Per ovviare a questa situazione la Banca Popolare cinese ha svalutato in tre volte, una decina di giorni fa, lo yuan, per un totale del 5%. L'obiettivo era quello di sostenere l'economia, quindi limitare gli effetti dello scoppio della bolla azionaria sull'economia reale, sostenendo le esportazioni. La banca centrale cinese ha cercato di bilanciare la minore domanda interna (diminuita per via della mancanza di capitali a seguito della bolla) con un incremento delle vendite all'estero.
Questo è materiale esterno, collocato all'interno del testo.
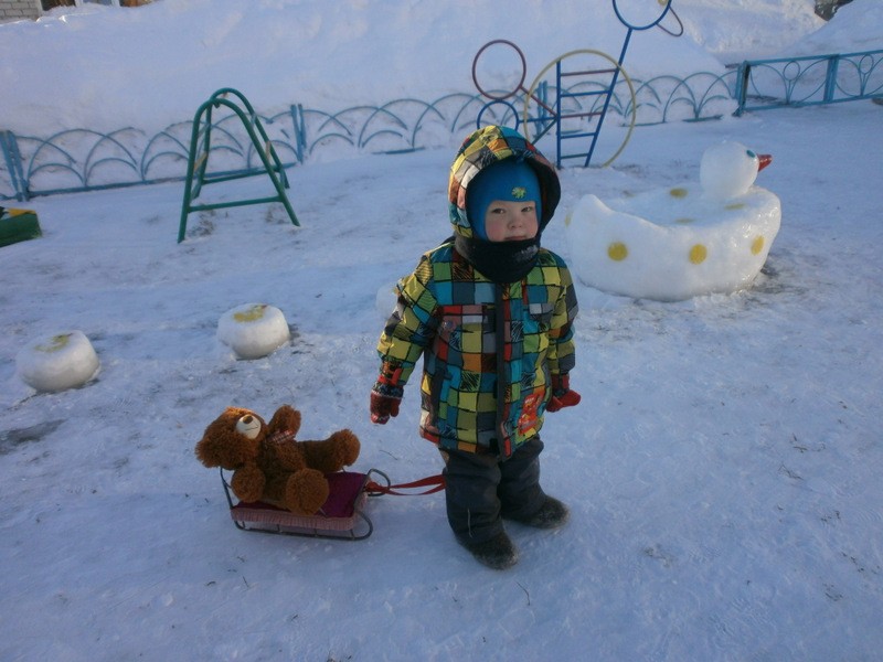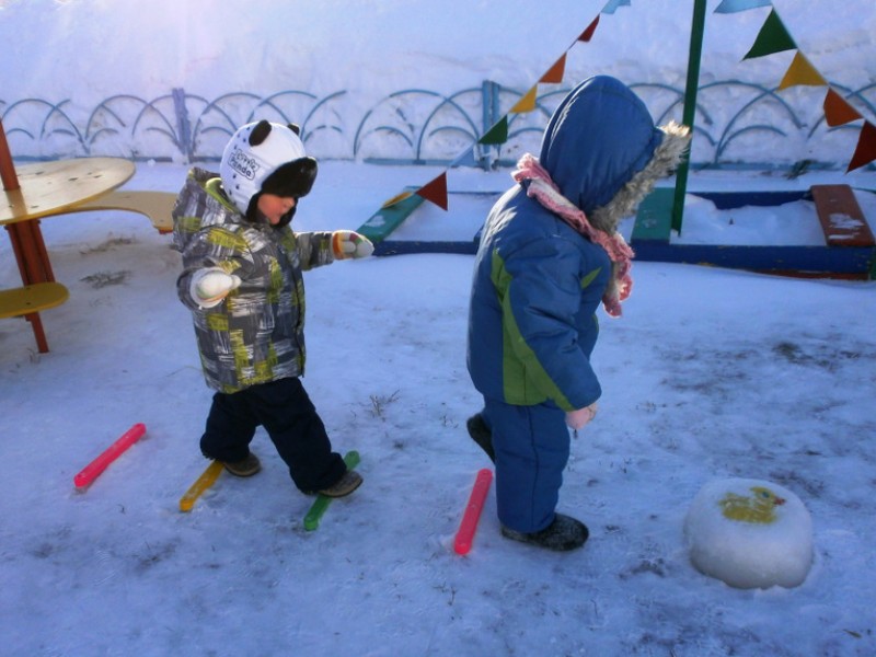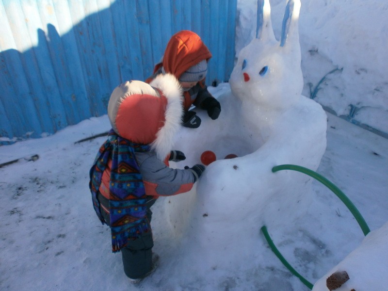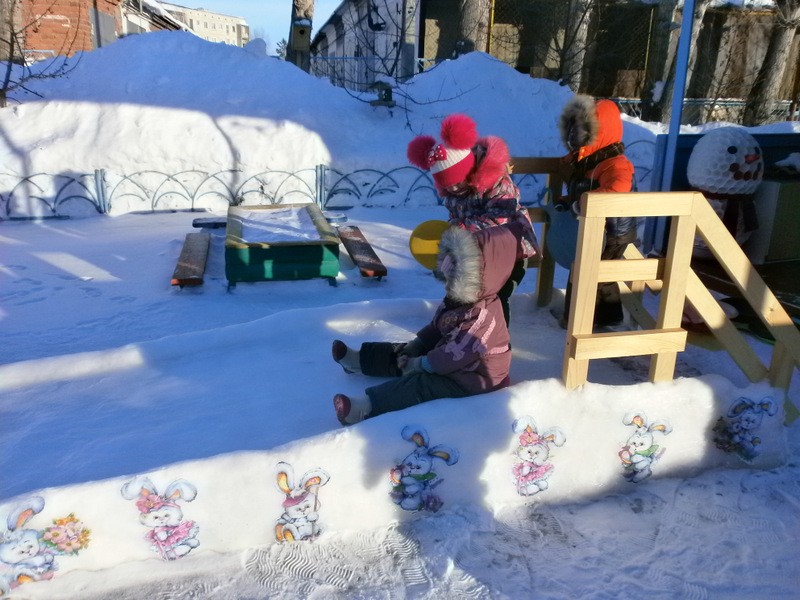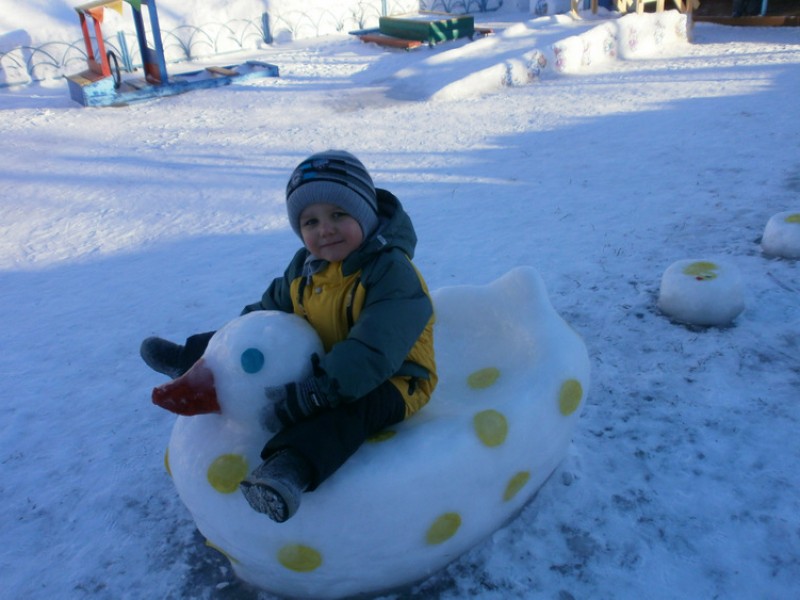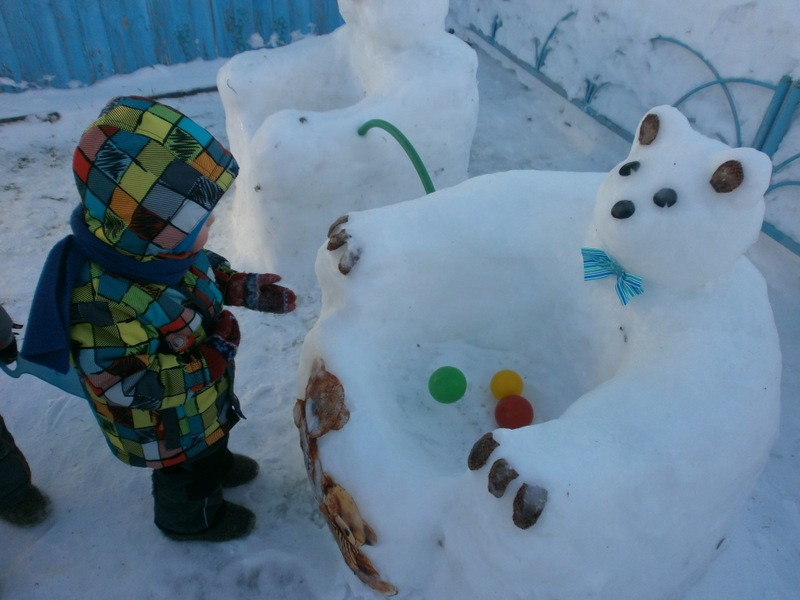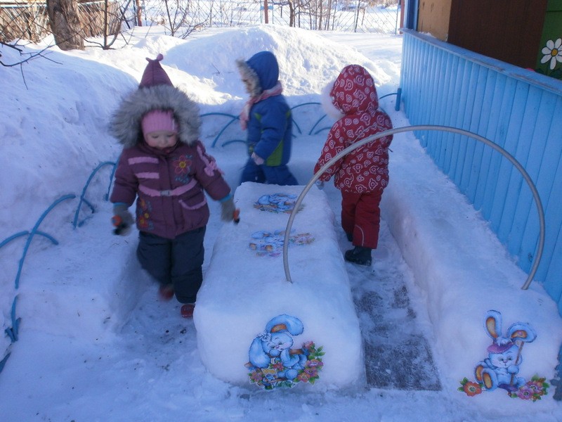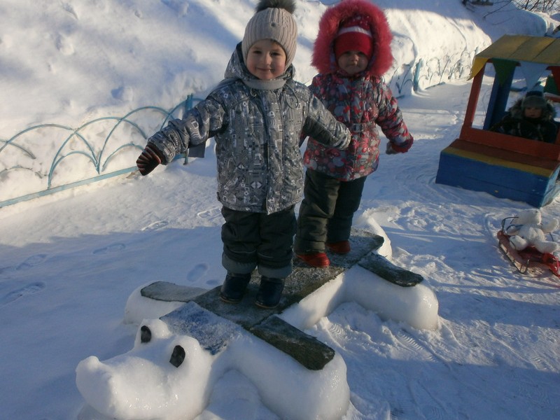 Воспитателем группы «Крохи», совместно с родителями, созданы благоприятные условия для воспитательно-образовательной работы с детьми на прогулке в зимнее время. На участке появились снежные постройки - крокодил, заяц, медведь, уточки, лабиринт, что позволило активизировать двигательную активность детей. Большую радость доставила детям горка для катания.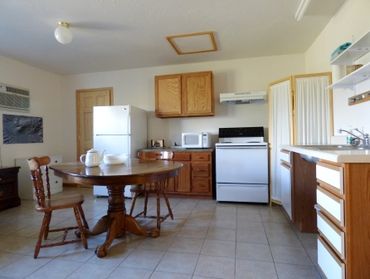 -- The kitchen includes microwave, full size refrigerator, full size electric oven, dinnerware, utensils/pots.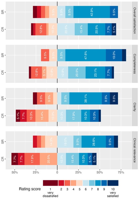 Results of department-wide survey on report quality of lower extremity CTA. Participants were asked to express their satisfaction with various aspects of the quality of structured reports (SR) and conventional reports (CR) for lower extremity CTA on a scale from 1 (very dissatisfied) to 10 (very satisfied). Responses of all survey participants are summarized in diverging stacked bar charts and percentages for each rating per report form and quality aspect are illustrated.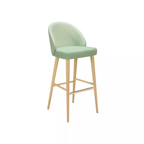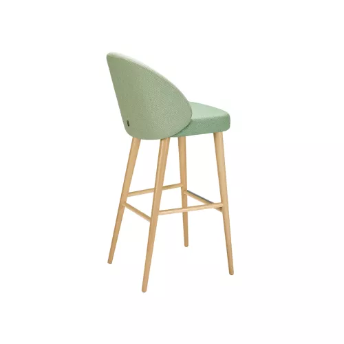 Ein eleganter und vielseitiger Barhocker mit gepolsterter Sitzfläche und Rückenlehne, der Komfort und zeitlose Eleganz vereint. Sein schlichtes und dennoch stilvolles Design fügt sich mühelos in jeden Einrichtungsstil ein, von modern bis klassisch. Die Beine aus gebeiztem Buchenholz verleihen dem Hocker natürliche Wärme und Langlebigkeit. Die Sitzfläche aus hochdichtem Schaumstoff garantiert dauerhaften Komfort und Widerstandsfähigkeit auch bei intensiver täglicher Nutzung. Erhältlich in einer großen Auswahl an professionellen Stoffen mit einer vielfältigen Palette an Farben und Texturen, passend für jedes Gastronomieambiente.

Questo ha creato tensioni a livello internazionale, perché una svalutazione competitiva altera in modo unilaterale gli equilibri sui mercati globali e di fatto probabilmente non basta a risolvere il problema della diminuzione di domanda interna. Questo ci fa capire che la crisi non sarà solo cinese, ma globale, proprio mentre il mondo occidentale sta riemergendo dalla crisi che data dal 2008. 

È dunque una situazione simile a quella che abbiamo già vissuto e che ci ha insegnato comunque qualcosa. Da un lato urge un controllo sui mercati finanziari globali: non serve adottare misure contro la speculazione in Europa se lo stesso non avviene in Cina. I mercati sono globali e la risposta deve essere globale. Inoltre, è fondamentale la politica della banca centrale: infatti politiche monetarie espansive consentono di limitati gli effetti sull'economia reale e di uscire prima dalla crisi. È il Quantitative easing adottato da subito dalla Fed e nel 2015 anche dalla Bce. Si tratta di un'iniezione di massa monetaria, di liquidità insomma, che fa leva sulla domanda interna con politiche monetarie espansive e non su quella esterna su cui agisce la svalutazione. Questo consente alla banche di rispondere alla richiesta di finanziamento da parte delle imprese e delle persone, che sono invece messe alle strette prima dalla riduzione dei capitali (per effetto della crisi delle borse) e poi per la mancanza di ordine (per effetto della minore domanda interna).

Resta da capire se la banca centrale cinese lo farà e agirà in modo concertato con le principali banche centrali e istituzioni monetarie internazionali. È questa la nuova partita che stiamo giocando, quando non è ancora terminata quella relativa al salvataggio della Grecia.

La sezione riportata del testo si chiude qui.